Why Melinda Gates just got shares in a Canadian railroad

With Melinda and Bill Gates’ divorce, the division of their vast wealth is unlikely to result in fireworks and anger. That’s because the couple has a separation agreement, reports my CNN business colleague Jeanne Sahadi.

In Washington state, where Melinda Gates filed for divorce this week, a separation treaty promotes “amicable dispute settlement” and is binding unless the court determines for some reason that it was executed unfairly to a party .

Such an arrangement is typical of divorces of very wealthy couples, where the division of assets can be complex.

“There is 100% reason to believe the divorce will be amicable,” said prominent divorce attorney William Breslow.

See here: Just this week, Bill Gates transferred shares in AutoNation and Canadian National Railway worth around $ 2 billion to his wife, according to the SEC from his company Cascade Investments.

The Wall Street Journal also reports Melinda Gates now has a 4.9% stake in a Coca-Cola bottler worth around US $ 121 million and US $ 386 million in the Mexican broadcaster Televisa.

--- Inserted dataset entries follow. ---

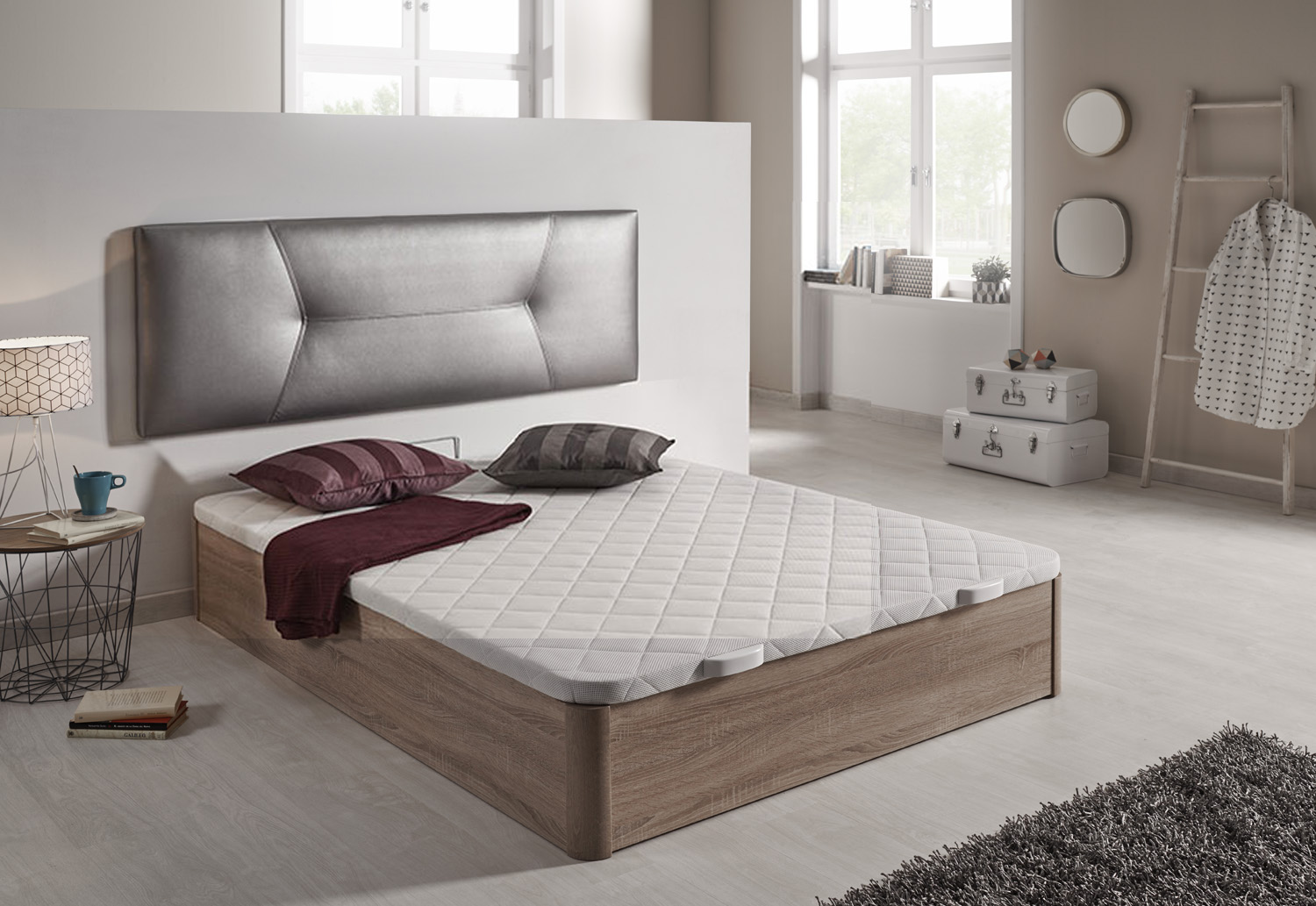 Opciones disponibles : Apertura lateral, tapa partida, modulo cajonera o zapatero, tapa TOP, somier tapizado, somier tapizado activo, tirador KUI o SLIM, doble pistón, a suelo, ruedas, zócalo, patas, apertura motorizada y cubrebisagras.
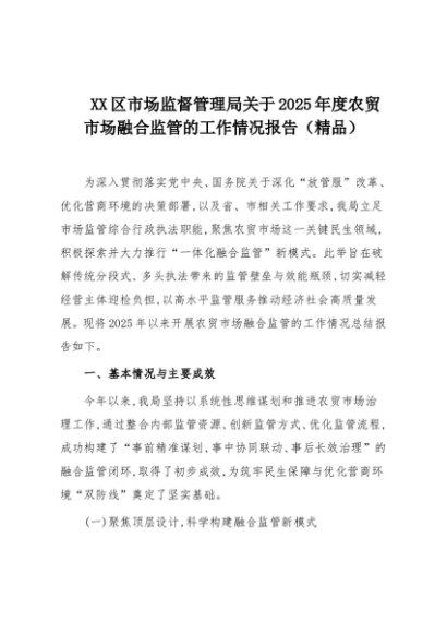 【七哥公文】2025年:XX区市场监督管理局关于2025年度农贸市场融合监管的工作情况报告(精品)+更多免费公文+VX:QiGeGongWen2024
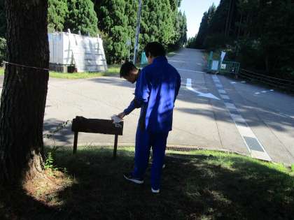 宿泊学習に来ている小学生と一緒にオリエンテーリング活動に参加していました。平地との気温差が多少あり肌寒い中、雄大な自然を満喫しながら様々な活動を続けています。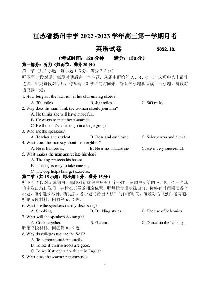 高三英语--江苏省扬州中学2023届高三上学期10月月考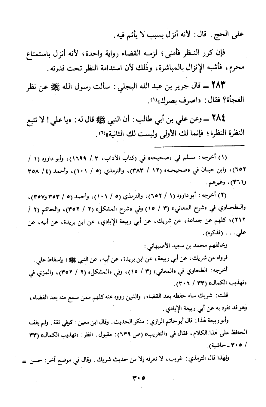 283 - قال جرير عن عبد الله البجلي: سألت رسول الله صلى الله عليه وسلم عن نظر الفجأة؟ فقال: «اصرف بصرك».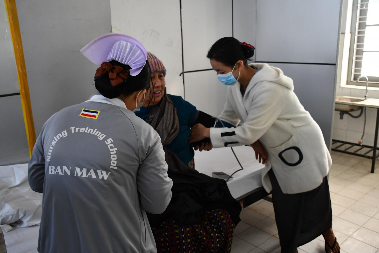 မြန်မာ့စီးပွားရေးဘဏ်ရှေ့၌ ဌာနဆိုင်ရာအသီးသီးမှ နိုင်ငံ့တာဝန်များကို ကျေပွန်စွာထမ်းဆောင်၍ ပင်စင်အမျိုးမျိုးဖြင့် ပင်စင်ထုတ်ယူရန်လာရောက်ကြသည့် နိုင်ငံ့ဝန်ထမ်းဟောင်းများ ပင်စင်ထုတ်ယူရန် စောင့်ဆိုင်းနေကြသည့် အငြိမ်းစားနိုင်ငံ့ဝန်ထမ်းများကို ခရိုင်စီမံအုပ်ချုပ်ရေးအဖွဲ့ ဒုခရိုင်အုပ်ချုပ်ရေးမှူးဦးသိန်းစိုး၊ မြို့နယ်စီမံအုပ်ချူပ်ရေးအဖွဲ့ဥက္ကဋ္ဌဦးအောင်ထွန်းတိုး၊ မြို့နယ် ရဲမှူးဇော်ဇော်တို့ ဦးဆောင်၍ ခရိုင်မြို့နယ်ဌာနဆိုင်ရာတာဝန်ခံများနှင့် ဗန်းမော်ခရိုင်ပြည်သူ့ ကျန်းမာရေးဦးစီးဌာန ဆေးရုံအုပ်ကြီးဒေါက်တာအောင်ကျော်စိုး အနီးကပ်ကြီးကြပ်မှုဖြင့် ခရိုင် ပြည်သူ့ဆေးရုံတွင် မြို့နယ်စီမံအုပ်ချူပ်ရေးအဖွဲ့ဝန်ထမ်းများနှင့် ရဲတပ်ဖွဲ့ဝင် အမျိုးသမီးများက အာဟာရဒါနများကျွေးမွေးခဲ့ကြပြီး ကြက်ခြေနီအသင်းအဖွဲ့နှင့် ကျန်းမာရေးဝန်ထမ်းများက ပင်စင် လာရောက်ထုတ်ယူကြသည့် အဘိုးအဘွားများအား အပူချိန်တိုင်းတာခြင်း၊ သွေးပေါင်ချိန်တိုင်းခြင်း၊ သွေးတိုး၊ ဆီးချို၊ သွေးချို တိုင်းတာပေးခြင်း လိုအပ်သည့်ကျန်းမာရေးစောင့်ရှောက်မှုများ ဆောင်ရွက် ပေးခဲ့ပြီး သွေးတိုး၊ ဆီးချိုကျဆေး စသည့် လိုအပ်သည့်ဆေးဝါးများအား အခမဲ့ထောက်ပံ့ပေးအပ်ခဲ့ ကြောင်း သိရသည်။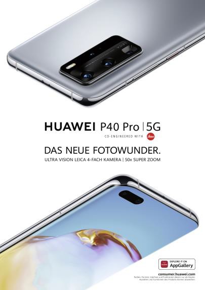 Düsseldorf, 26. März 2020 – Mit dem HUAWEI P40 und HUAWEI P40 Pro präsentiert HUAWEI die High-End-Smartphones der beliebten P-Serie. Die neuen Modelle zeichnen sich durch smarte Kamerainnovationen aus, welche abermals die bisherigen Möglichkeiten mobiler Fotografie und Videografie definieren. Der HUAWEI Kirin 990 5G SoC treibt sie an und unterstützt zugleich den Hochgeschwindigkeits-Mobilfunkstandard 5G sowie WiFi 6 Plus. Von außen beeindrucken die neuen Modelle mit ihrem kompakten Gehäuse im edlen Design. Das HUAWEI P40 Pro verfügt zudem über ein HUAWEI Quad-Curve-Overflow-Display mit halbrunden Kanten.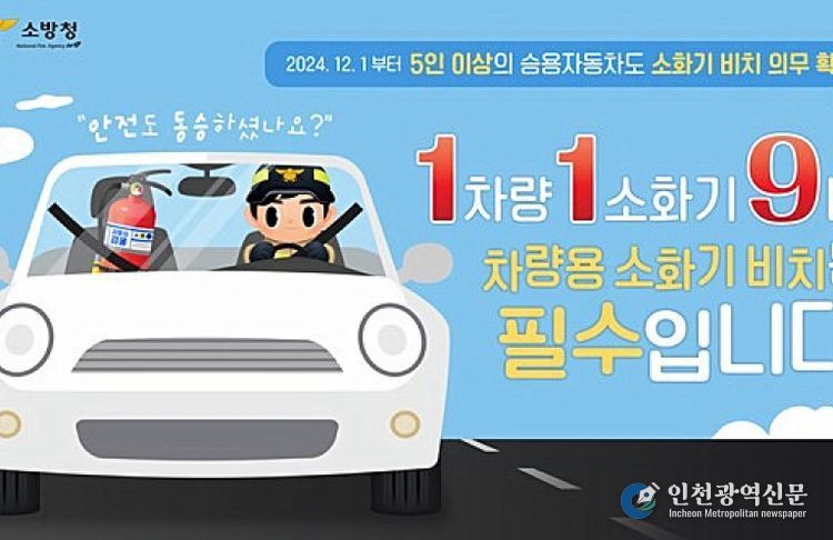 [인천광역신문] 박진 기자 | 천안서북소방서(서장 김종욱)는 차량 화재 발생 시 신속한 초기 대응을 위해 차량용 소화기 설치를 적극 당부했다.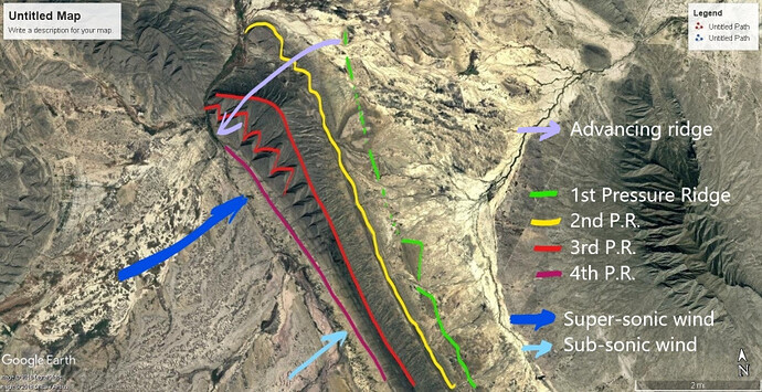 Large triangular buttresses at one end of the large (red) ridge shrink in amplitude with geometric progression until they almost vanish, indicating the jet-stream velocity transitioned from supersonic to near subsonic velocity along the wind-front of this dune. The faster jet-stream region advanced the growth of the dune, depositing material faster and pushing the shock-wave into the wind. It advanced the ridge line into the wind (violet) and built this portion of the mountain thicker, taller, with large amplitude reflected shocks forming bigger buttresses.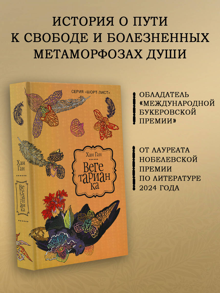 Роман-лауреат «Международной Букеровской премии». Волнующая история о власти, предательстве, жестокости, красоте, творчестве и обретении свободы. Роман «Вегетарианка» южнокорейской писательницы Хан Ган в 2016 году получил Международную Букеровскую премию, обойдя произведения таких корифеев, как лауреат Нобелевской премии по литературе Орхан Памук и итальянка Элена Ферранте. Журналы The Economist, The New York Times, Elle, Time, Wall Street Journal признали «Вегетарианку» одной из лучших книг года. Хан Ган удалось не просто показать бунт маленького человека против современного общества с его устаревшими принципами, предрассудками и фальшивой системой ценностей, но и сделать это лаконично, доходчиво и прежде всего оригинально. Этот яркий, многозначный, наполненный символами и аллюзиями роман заставит читателя вновь и вновь задаваться вопросом, где проходит грань между свободой и рабством, безумием и поиском себя, фантазией и реальностью. Серия «Шорт-лист» продолжает знакомить читателей с главными современными романами, заслужившими престижные премии и ставшими громким событием в литературном мире.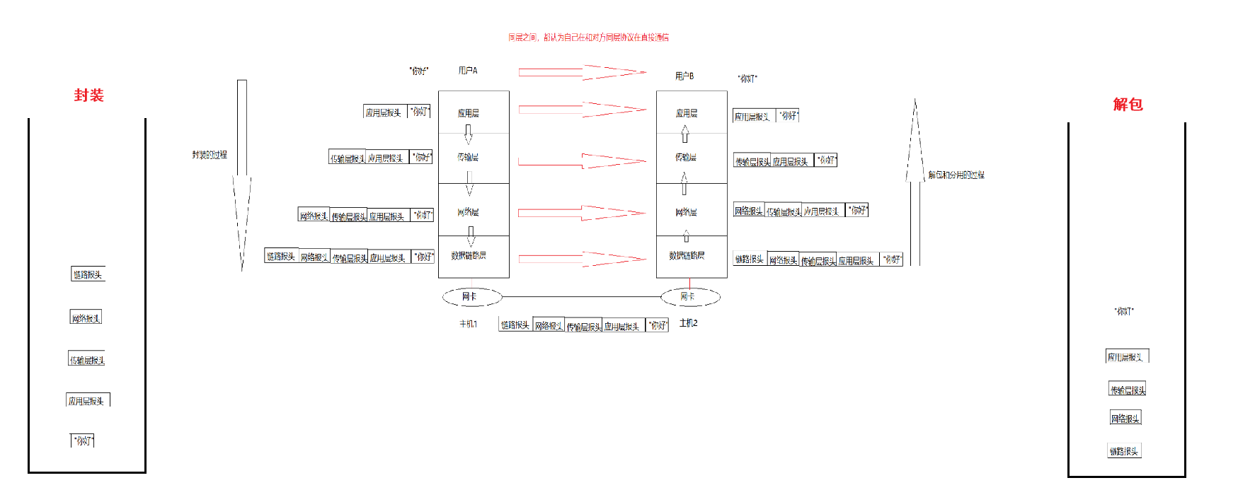 通过上面的例子我们就对封装和解包有了一个初步的认识,那么下面我们就来看看这些层级之间是如何进行封装和解包的: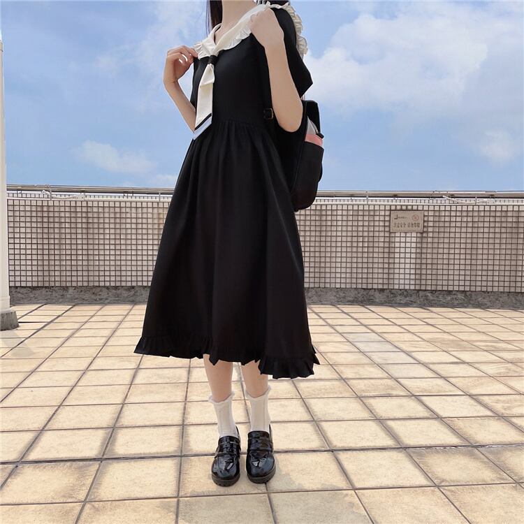 INSスタイル ネクタイ ワンピース スリム 可愛い 縫付 ロングスカート 半袖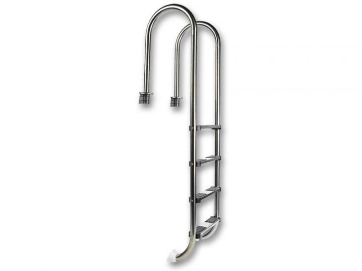 Bazénové schodíky Slim 4 - stupňové sú určené pre všetky typy zapustených bazénov , ktorých hĺbka je minimálne 130 cm ( 4 - stupňové schodíky nie je možné použiť pre bazény Azuro ) . Sú vyrobené z nerezovej ocele a ich stupňe sú vybavené protišmykovými nášľapmi z mäkčeného plastu . Schodíky majú plastové koncovky , ktoré chránia stenu bazéna pred poškodením . Súčasťou schodíkov je tzv . Kotvenie , tj . Púzdra pre montáž do dlažby ( betónu ) .

ArcelorMittal, Edgewell Personal Care, Kellogg, Moderna, Papa Johns, Plug Power, SeaWorld Entertainment, Tapestry and Wayfair will report on the results before US markets open. Beyond Meat, Datadog, Expedia Group, GoPro, Groupon, Live Nation, Monster Beverage, Peloton and Square will follow upon graduation.

Even today:

  • The Bank of England announces its latest policy decision.
  • Initial U.S. jobless claims for the final week after 8:30 p.m. ET.
  • SEC chairman Gary Gensler testifies before the House Financial Services Committee at noon ET.

Coming tomorrow: April’s US jobs report is a crucial test of the country’s economic recovery.